----- Supplied information -----

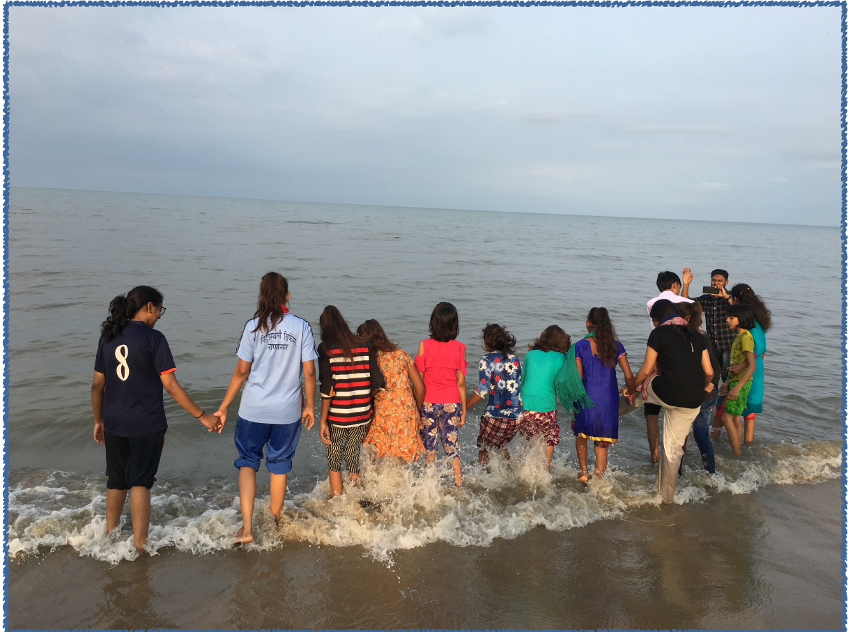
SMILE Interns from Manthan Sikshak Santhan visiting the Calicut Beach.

-----
----- Supplied information -----

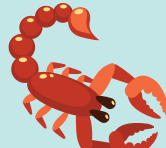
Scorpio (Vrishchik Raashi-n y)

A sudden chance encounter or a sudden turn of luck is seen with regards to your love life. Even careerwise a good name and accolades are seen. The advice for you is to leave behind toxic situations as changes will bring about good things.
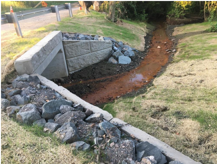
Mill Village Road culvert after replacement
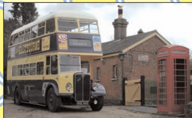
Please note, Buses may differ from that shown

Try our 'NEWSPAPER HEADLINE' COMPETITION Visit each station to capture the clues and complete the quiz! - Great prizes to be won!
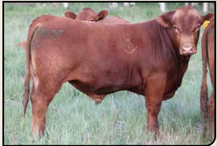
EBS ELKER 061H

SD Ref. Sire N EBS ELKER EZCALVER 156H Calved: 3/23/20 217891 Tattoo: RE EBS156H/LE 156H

-----

Directions:
Which lines of the data contain the word "ELKER"? Copy each one.

Response area:
EBS ELKER 061H
SD Ref. Sire N EBS ELKER EZCALVER 156H Calved: 3/23/20 217891 Tattoo: RE EBS156H/LE 156H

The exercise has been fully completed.